Assignment: Starting with the first line below, extract each line through the one that contains "Kampus.UBMG - Peringatan", inclusive, excluding pictures.

Input data:
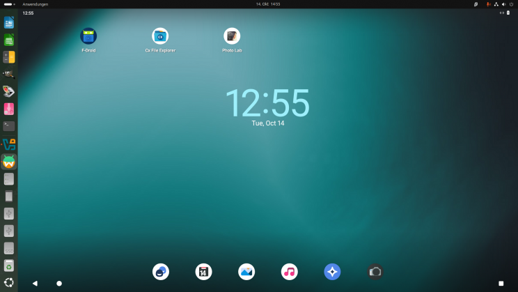 WAYDROID kann mit der freien ANDROID-Basisversion VANILLA oder der proprietären ANDROID-Version von GOOGLE initialisiert werden. Bei der Initialisierung wird die gewünschte Version für die Einrichtung des WAYDROID-Containers abgefragt, wobei die später gestartete ANDROID-Oberfläche dann auch entsprechend aussieht. Das folgende Bild zeigt einen WAYDROID-Container nach einer VANILLA-Initialisierung mit den einschlägig vorinstallierten VANILLA-App’s (untere Leiste) und den weiterhin installierten App’s F-DROID, Cx Datei-Explorer und Foto Lab (DMCC):
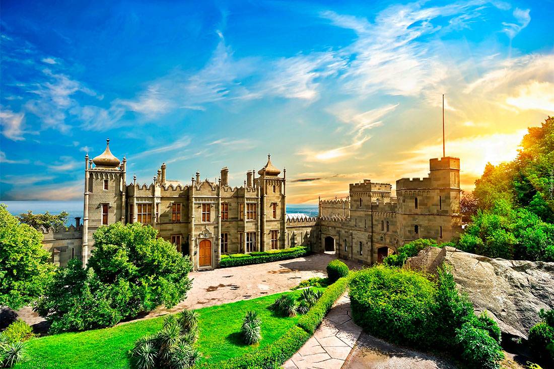 Этот величественный дворец был возведен в Алупке для князя М.С. Воронцова в 1848 году. Роскошный дворцовый комплекс из серого камня в неомавританском стиле гармонично вписался в окружающий крымский ландшафт. Парадные интерьеры Воронцовского дворца удалось сохранить практически в первозданном виде.
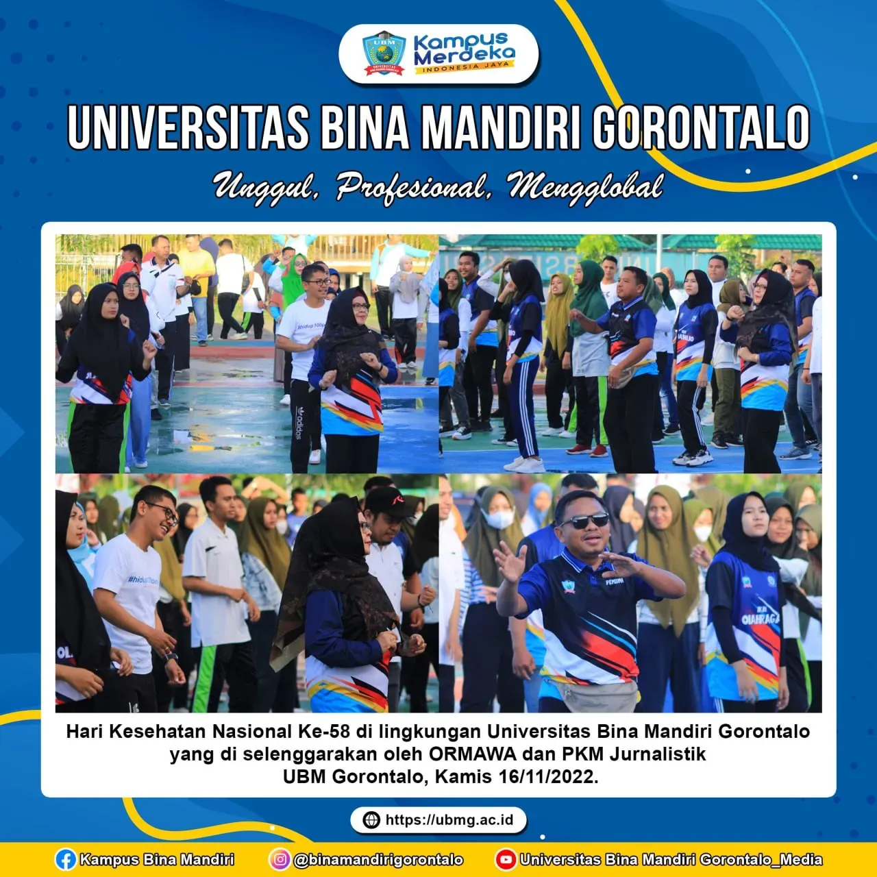 Kampus.UBMG - Peringatan Hari Kesehatan Nasional (HKN) tahun 2022 yang dilaksanakan Universitas Bina Mandiri (UBM) Gorontalo, berlangsung semarak.
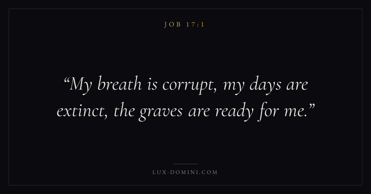 Books / Job / Chapter 17 / Verse 1 ← Job 16:22 Job 17:1 Job 17:2 → My breath is corrupt, my days are extinct, the graves are ready for me. Download verse card Share on Twitter Share on Facebook Pin it ✦ Key themes Suffering and trialsWisdomJustice and mercySuffering Read with Job 17:2Romans 8:182 Corinthians 4:17Proverbs 1:7 Related topics Bible verses about suffering and trialsBible verses about wisdomBible verses about justice and mercy ✦ Job Chapter 17 verses V. 1 V. 2 V. 3 V. 4 V. 5 V. 6 V. 7 V. 8 V. 9 V. 10 V. 11 V. 12 V. 13 V. 14 V. 15 V. 16

Result of this task:
 WAYDROID kann mit der freien ANDROID-Basisversion VANILLA oder der proprietären ANDROID-Version von GOOGLE initialisiert werden. Bei der Initialisierung wird die gewünschte Version für die Einrichtung des WAYDROID-Containers abgefragt, wobei die später gestartete ANDROID-Oberfläche dann auch entsprechend aussieht. Das folgende Bild zeigt einen WAYDROID-Container nach einer VANILLA-Initialisierung mit den einschlägig vorinstallierten VANILLA-App’s (untere Leiste) und den weiterhin installierten App’s F-DROID, Cx Datei-Explorer und Foto Lab (DMCC):
 Этот величественный дворец был возведен в Алупке для князя М.С. Воронцова в 1848 году. Роскошный дворцовый комплекс из серого камня в неомавританском стиле гармонично вписался в окружающий крымский ландшафт. Парадные интерьеры Воронцовского дворца удалось сохранить практически в первозданном виде.
 Kampus.UBMG - Peringatan Hari Kesehatan Nasional (HKN) tahun 2022 yang dilaksanakan Universitas Bina Mandiri (UBM) Gorontalo, berlangsung semarak.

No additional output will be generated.